Consider all the applications created in this text that required you to set a reference to System.Windows.Forms.dll. If you were to look in the application directory of each of these clients, you would not find a private copy of this .NET assembly. The reason is that System.Windows.Forms.dll has been deployed as a shared assembly. Clearly, if you need to create a machine-wide class library, this is the way to go.
NoteDeciding whether a code library should be deployed as a private or shared library is yet another design issue to contend with, and this will be based on many project-specific details.

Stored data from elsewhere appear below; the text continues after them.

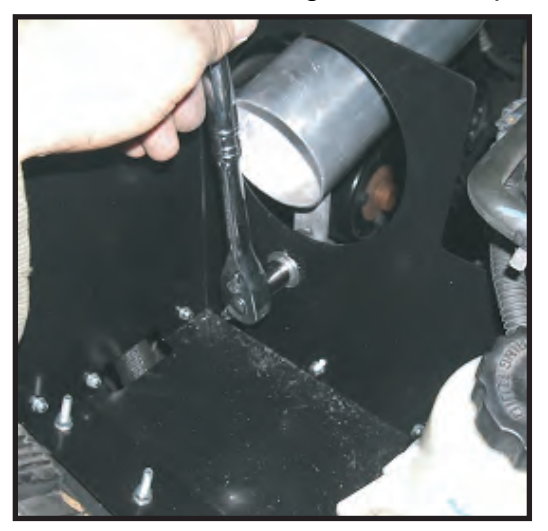
Secure tube to heat shield

Note: This filter is polyester synthetic and never needs to be oiled. It can de cleaned with warm water and mild detergent dish soap.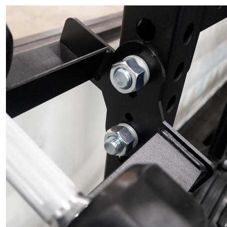
Sticks 4" out back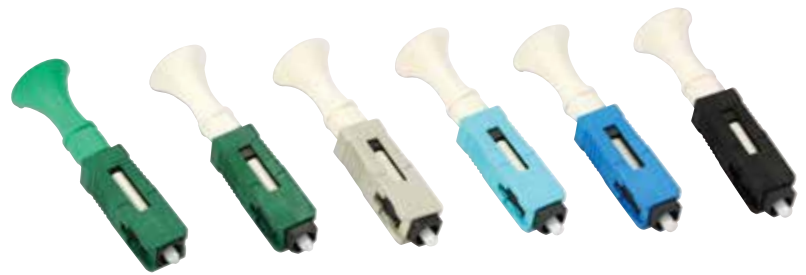
3M™ No Polish SC Connector Family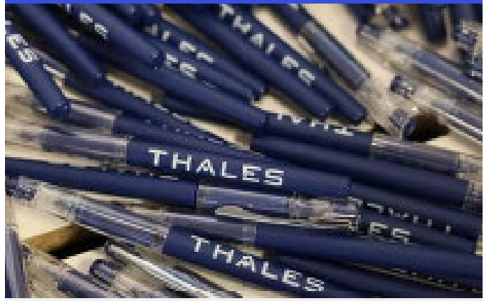
Pens: £2,800* Get your branding on the pens given out at the conference, available for all attendees

Notebooks: £3,400* Get your branding on the notebooks given out at the conference, a reusable item with a long lasting brand impact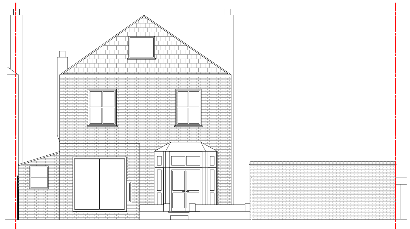
EXISTING REAR ELEVATION C-C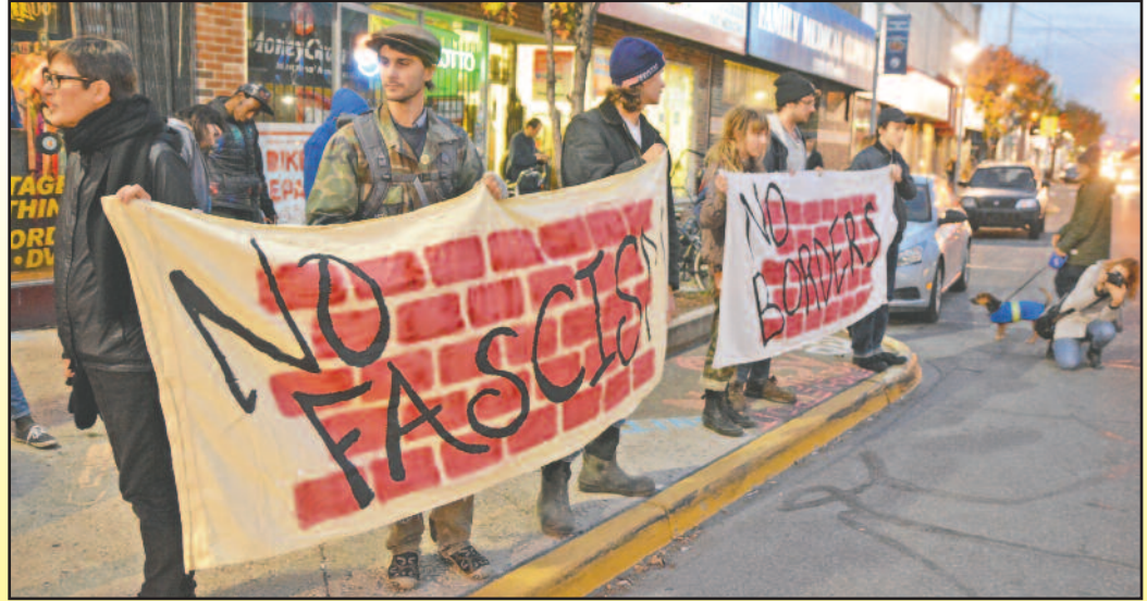
Donald Trump protestors took to the streets on Monday evening to demonstrate against the president-elect's immigration statements. About 50 folks showed up and walked from Trowbridge and Jos. Campau to the public library where a town hall meeting was taking place.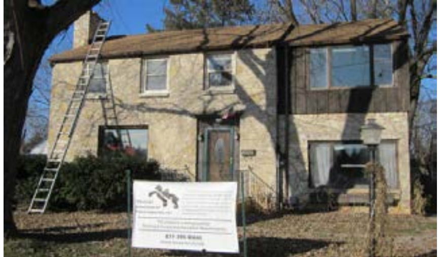
One of two WAHI education houses at the 2013 Fall Seminar.

I am pleased to report that WAHI made it into the Milwaukee Journal Sentinel Business Section on Friday, December 6. For the past 4-5 years I have contacted the local newspaper in the area of every seminar we have had. The intent was to see if they would be interested in running an article about Wisconsin home inspectors and the educational programs put on by WAHI. My efforts often fell on deaf ears – until this year!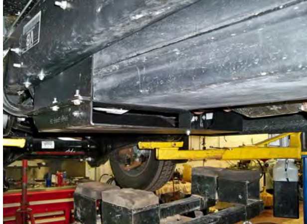
(Fig. 5) Formed channel is bolted to the inside of the frame on the driver's side.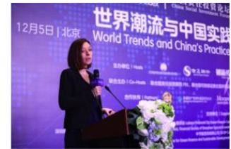
China Social Investment Forum Week Beijing, China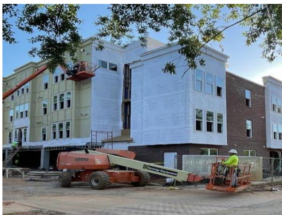
Abbington at Ormewood 42 Affordable Units | $16,588,853 TDC District 4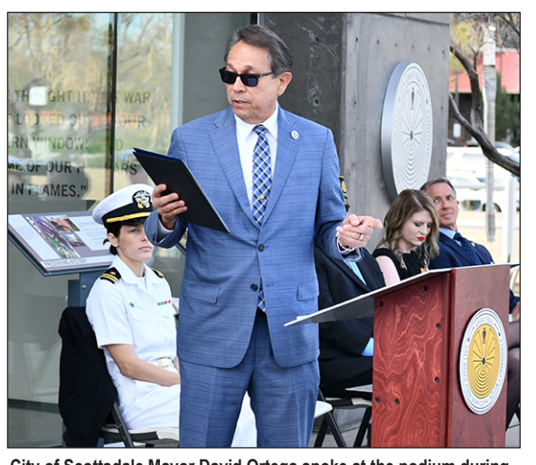
City of Scottsdale Mayor David Ortega spoke at the podium during the ceremony and named Old Town Scottsdale as an official "Port of Call" for the Naval Academy.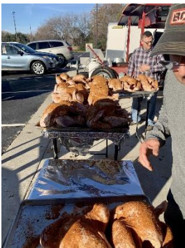
Smoked Turkey fundraiser for Thanksgiving.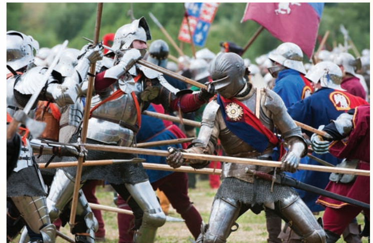
People today acting out one of the battles from that time.

To a time when two men fought each other in a muddy field for the honour of being called "King of England".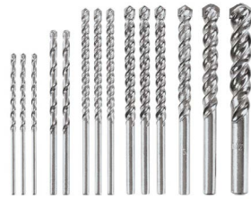
18. Drills set for concrete 3-12mm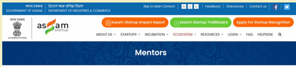
Figure D: Startup Assam – Mentor Portal

Startup Assam has an ever-growing pool of mentors who are the driving force of the Startup ecosystem. During the incubation period each Startup is assigned to a matching mentor. The mentor will be to guide the Startup incubates and provide necessary advisory and expert advice as and when required. The mentors helps the Startup develop action plan and provide valuable inputs to the Startup in term of business planning, product or service development, market penetration strategy, branding and networking, financial links, and Government grants and schemes.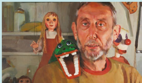
Michael Rosen by Lee Feather, oil on linen, 2011.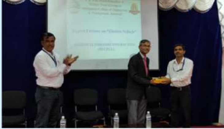
View of the dias during the inaugural session

The IEI Student Chapter of Mechanical Engineering Department of P R Pote Patil College of Engineering & Management organized Expert Lecture on "Electric Vehicle".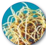
Toxocara canis roundworms

The choice of products can be bewildering, so please ask us to advise you on the best treatment regime for your pet!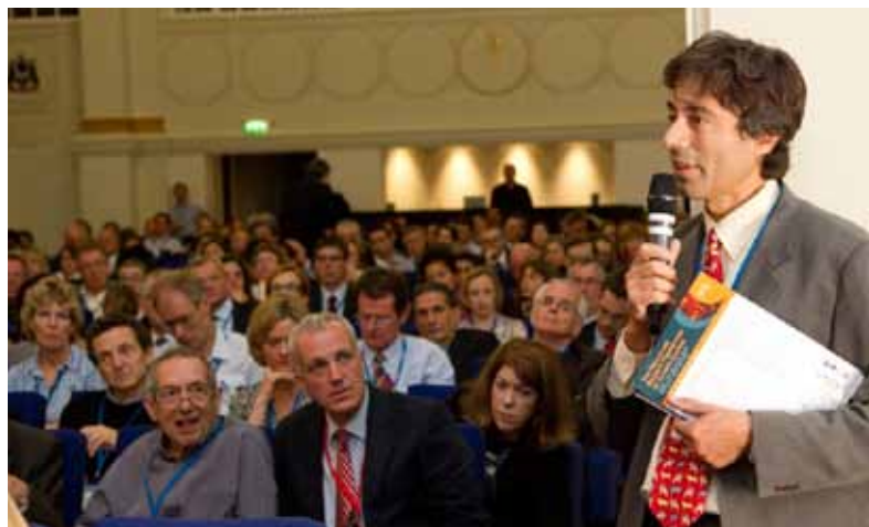
Three hundred medical and military experts asked the EU to move to a 30% target on climate change. Many more signed on to the conference statement.

A HEAL delegation to Poland was received by government officials in Warsaw and addressed a major conference in Poznan attended by representatives from the Ministry of Health and many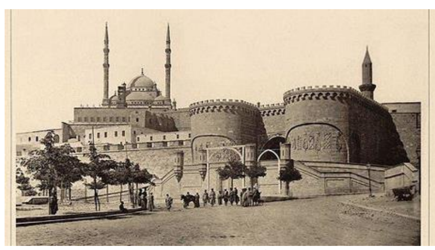
Bab al-Azab historic area

Only thirty years later, I mean after the Italian studies and designs were officially submitted, the Supreme Council of Antiquities (SCA) and the Sovereign Fund of Egypt (SFE) signed a contract to develop and manage the area, as a part of Historic Cairo's rehabilitation governmental efforts. XIX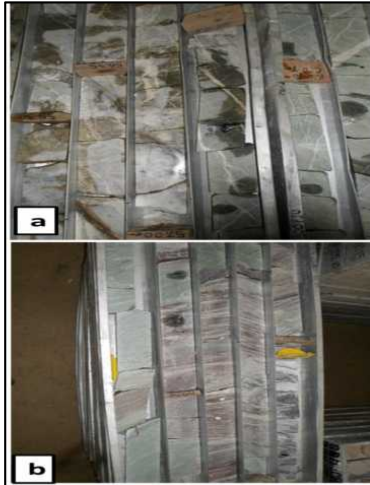
Fig. 4a. Shallow-dipping zones of sheeted and stockwork quartz veining; 4b. Steeper dipping zones of quartz veining and breccias associated with high-angle faults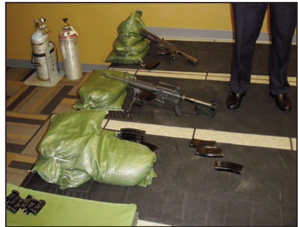
Assault rifles have been specially designed for use by soldiers with prosthetics.

We started with an impressive tour of the physical rehabilitation services for service members with limb loss. There is specialized exercise equipment, cutting-edge, life-like prosthetics technology, interactions with therapeutic and service dogs, and even computerized programs similar to an oversized Dave and Busters virtual reality game designed to improve balance and agility.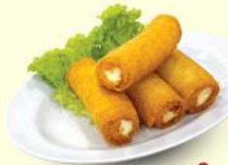
00 炸牛奶卷 Crispy Fried Milk Roll 4pcs RM12.50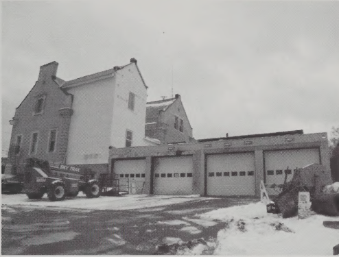
The tower is sealed from the outside and heated. April 13, 2007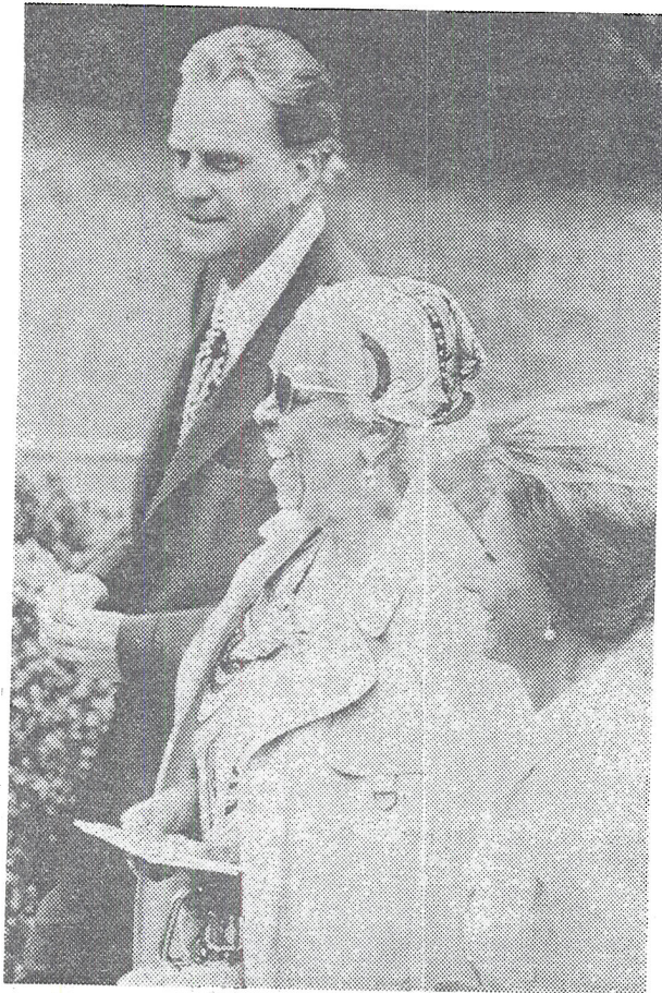
DR. AND MRS. BILLY GRAHAM WERE THERE They escorted an old friend, singer Ethel Waters

There were plenty of relatives from both families, enough to fill about 40 seats, reserved for them in the first four rows at the wedding. Nixons were on the left and Coxes on the right, facing the altar.

As a rule of thumb, when you are building libraries that need to be used by a wide variety of applications, shared assemblies can be quite helpful in that they can be updated to new versions very easily (as you will see).
As suggested in the previous paragraph, a shared assembly is not deployed within the same directory as the application that uses it. Rather, shared assemblies are installed into the Global Assembly Cache (GAC). The GAC is located in a subdirectory of your Windows directory named Assembly (e.g., C:\Windows\assembly), as shown in Figure 14-16.
Figure 14-16 The global assembly cache
Note You cannot install executable assemblies (*.exe) into the GAC. Only assemblies that take the *.dll file extension can be deployed as a shared assembly.
Before you can deploy an assembly to the GAC, you must assign it a strong name, which is used to uniquely identify the publisher of a given .NET binary. Understand that a “publisher” can be an individual programmer, a department within a given company, or an entire company.
In some ways, a strong name is the modern-day .NET equivalent of the COM globally unique identifier (GUID) identification scheme. If you have a COM background, you may recall that AppIDs are GUIDs that identify a particular COM application. Unlike COM GUID values (which are nothing more than 128-bit numbers), strong names are based (in part) on two cryptographically related keys (public keys and private keys), which are much more unique and resistant to tampering than a simple GUID.
Formally, a strong name is composed of a set of related data, much of which is specified using assembly-level attributes:
To provide a strong name for an assembly, your first step is to generate public/private key data using the .NET Framework 4.0 SDK’s sn.exe utility (which you’ll do in a moment). The sn.exe utility generates a file (typically ending with the *.snk [Strong Name Key] file extension) that contains data for two distinct but mathematically related keys, the public key and the private key. Once the C# compiler is made aware of the location of your *.snk file, it will record the full public key value in the assembly manifest using the .publickey token at the time of compilation.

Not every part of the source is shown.